My friend Jill arrived for a sleep over with a bag full of ingredients fresh from the farmer’s market in Union Square. What a pleasure to have someone cook up a big meal for us. My son says this dish is super yummy and so that is now it’s official name!
Serves 6 to 8
3 small eggplants *
3 big tomatoes
1 cup marinara sauce (homemade or store bought)
2 tablespoons olive oil
2 tablespoons nutritional yeast (nooch)
2 teaspoons crushed red pepper flakes.
Salt, to taste
1 lb. gluten free pasta
Peel and dice the eggplant. Place into a big bowl of water with a teaspoon sea salt. Set aside.

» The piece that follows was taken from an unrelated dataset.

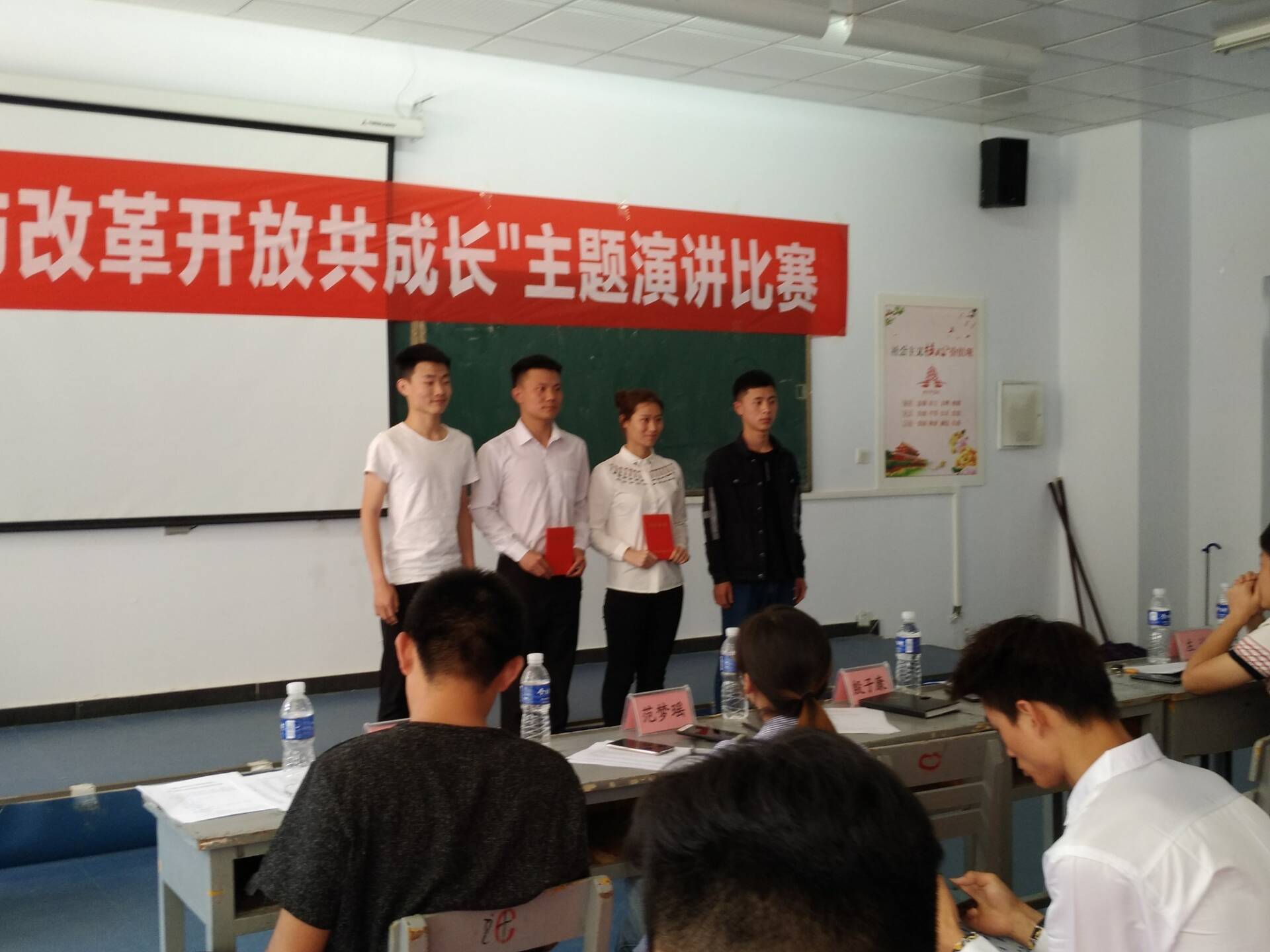 比赛中,财会与管理工程系两名选手准备充分,精神饱满、声情并茂,用充沛的感情把师生带进了我国改革开放的历史征程,从农村到城市,从试点到推广,从经济体制改革到全面深化改革,40年众志成城,40年砥砺奋进,40年春风化雨,中国人民用双手书写了国家和民族发展的壮丽史诗。财管系选手高思怡的演讲《在改革开放中放飞青春梦想》用饱含深情的语调抒发了自己作为一名在校大学生,改革开放为其带来的新的视角,从中国看中国、从中国看世界、从中国看自己,同时也坚定了对中国发展道路更强的自信和共识,也让在座的青年学生对自己有了新的认识。其精彩的演讲感染了台下观众的情绪,不断报以热烈的掌声。经过激烈的角逐,高思怡同学不负重望,成功夺得桂冠。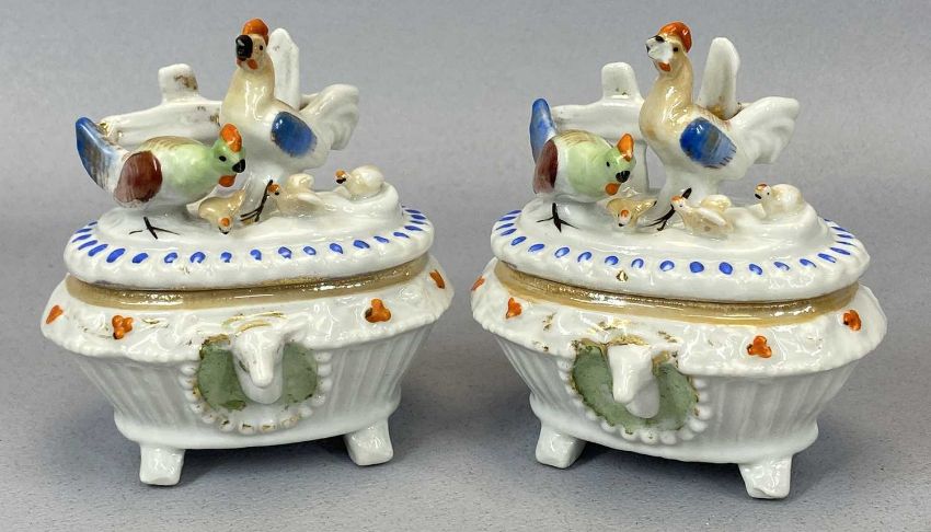 VICTORIAN & LATER ORNAMENTAL CABINET FIGURINES ETC, including 2 x good pin dishes with lids showing chickens with chicks, Aynsley and other porcelain floral sprays, KPM match holder depicting a boy seated on a dog, 10cms H, and other interesting items

Dice the onions. Heat about 2 tablespoons of olive oil in a big pan that has a cover. Add the onions and cook until softening.
Dice up the tomatoes and add to the pan with the onions. Cook them down for a few minutes until they break apart.
Drain the water from the eggplant and add the eggplant to the pan. Toss around and add a cup of marinara sauce, the nooch, and the crushed red pepper flakes. Add a pinch of salt and mix well. Cover and cook until the eggplant is soft. Taste and adjust the seasonings and add more marinara if you desire.
Cook the pasta until al dente.
When the pasta is done, drain and add to the eggplant sauce. Mix well and enjoy!